Thursday, April 3

Give Me Strength

If
by: e.e. cummings
If freckles were lovely, and day was night,
And measles were nice and a lie warn't a lie,
Life would be delight,--
But things couldn't go right
For in such a sad plight
I wouldn't be I.

If earth was heaven and now was hence,
And past was present, and false was true,
There might be some sense
But I'd be in suspense
For on such a pretense
You wouldn't be you.

If fear was plucky, and globes were square,
And dirt was cleanly and tears were glee
Things would seem fair,--
Yet they'd all despair,
For if here was there
We wouldn't be we.
It's okay to be sad. To allow yourself to mourn. I could be the worst I can be. Crying is enough for now. I will get by, the well worn phrase, "It will get better." So hilarious that I cling to it. I feel like something inside of me is now broken off. Perhaps, only time can develop that it's noticeable. The damage is done and now it continues on. Sometimes you don't get the time to heal, you just need to keep moving.
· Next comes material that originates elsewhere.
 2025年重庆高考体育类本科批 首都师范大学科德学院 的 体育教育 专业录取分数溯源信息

I wish it could have continued as it seemed to be. I'm apparently to good at it all that leaves them in awe. In short, I'm not datable. People can see fit to physically get involved and then something happens. Something always happens. 90% of the time it's your fault, so what? I lost out to someone else? He was dating others apparently. Romanticism has died.
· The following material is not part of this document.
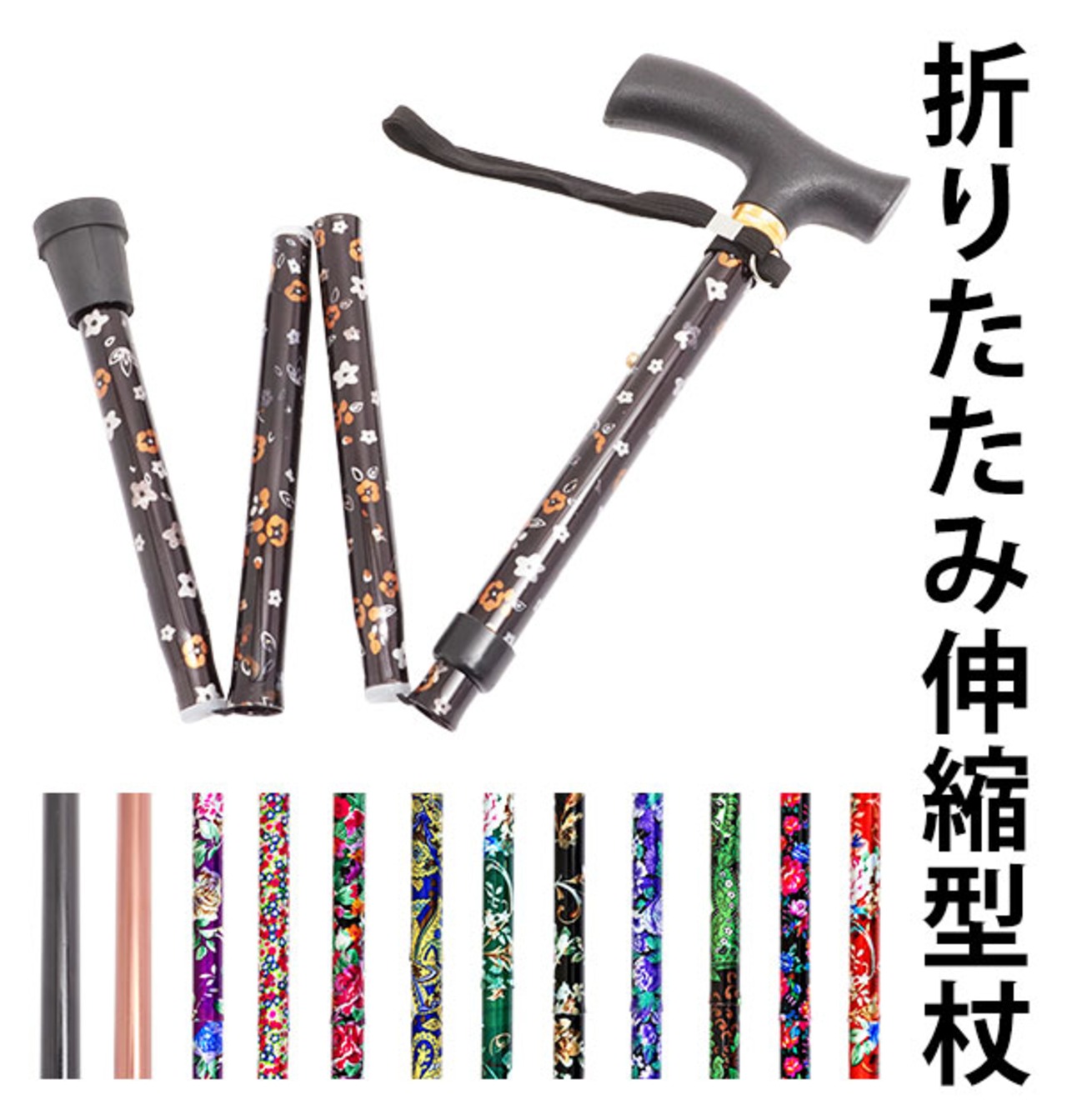 お出かけ、旅行で邪魔にならない折りたたみ式の便利な杖です。

Swallow while you still can, let the sadness run down your throat and feel the taste of it. It's not easily forgotten. Embitter? For the first time you've felt lost, really lost. The breakdown paid due an now you have to rebuild.

I never want to be sober again. I want life to always be slanted. It seems better that way, even the bad seems somewhat more surreal and fantastic. Which is easier to deal with. The walls were broken down and for that I need to rebuild.

I never want to be sober again.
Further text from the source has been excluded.